Inszenierung des Schauspiels begeistert Groß und Klein.

Szene mit: (v.l.) dem Diener,  Graf von Dorincourt und Cedric.

Foto: Uwe Schinkel

Rührseligkeit und Weihnachtsschmalz unter dem Tannenbaum? Eher Fehlanzeige. Die Inszenierung des Familienstücks „Der Kleine Lord“ weicht von der bekannten Filmversion mit Alec Guiness und Ricky Schroder aus dem Jahr 1980 nicht inhaltlich, jedoch in der Umsetzung stark ab. In der Inszenierung von Henner Kallmeyer wird die Geschichte des verarmten Jungen Cedric (Julia Meier), der mit seiner Mutter (Silvia Munzon Lopez) in Amerika lebt, in Wahrheit der Enkel des Earl von Dorincourt (Martin Petschan) ist und daher als Erbe zu ihm nach England ziehen muss, fetzig, flott, lustig und voller Gags aufgeführt.

Dabei gehen Schauspiel und Musik eine herrlich temperamentvolle Symbiose ein. Unter der musikalischen Leitung von William Shaw finden sich die einzelnen Charaktere in der Musik wieder, gehen Zwiegespräche mit ihr ein, und das Geschehen wird von der Musik nicht nur umwoben. Denn Shaw hat keine Neuarrangements vorhandener Musik geschrieben, sondern neue geschaffen, gespielt von Musikern des Sinfonieorchesters Wuppertal. Sie interpretiert und verdeutlicht Gefühle und Aktionen der Schauspieler. Bei der Abschiedsszene schluchzt das Violoncello, die Annäherung zwischen Cedrik und seinem Opa begleitet jubilierend die Flöte. Denn auch in dieser Version des Stücks erobert er das Herz seines griesgrämigen Großvaters und zeigt ihm, was Menschlichkeit ist.

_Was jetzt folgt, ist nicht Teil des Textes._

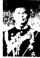
๓. พลโท เดชพันธ์ ดวงรัตน์ อดีตผู้ทรงคุณวุฒิพิเศษ กองบัญชาการทหารสูงสุด

Schauspiel und Musik in temperamentvoller Symbiose

Manche Szenen weisen einen slapstickartigen Charakter auf. Die herrlichen Aktionen zwischen dem Diener des Earl im Hundekostüm, etwas zwischen Beagle und Basset, versehen mit dem typisch traurigen Dackelblick etwa oder die Reaktionen des geschenkten Ponys bei seiner Namensgebung. Das gefiel nicht nur den jungen Zuschauern im voll besetzten Theater am Engelsgarten. Die fantasievollen Kostüme von Silke Rekort taten ihr Übriges. Die falsche Gräfin mit ihren zwei Söhnen, angeblich die wahren Erben, stechen nicht nur optisch ins Auge. Die Pferde Mokka (Konstantin Rickert) und Silberschweif (Andreas Rother) fegten, mit Cedric und dem Earl auf dem Rücken, über die Bühne. Viele schöne kleine Gags der Choreographie unter Sophia Otto sorgten für ein stimmiges und erheiterndes Bild, erschien das alte Pferd des Earl doch zunächst mit einer Gehhilfe auf der Bühne.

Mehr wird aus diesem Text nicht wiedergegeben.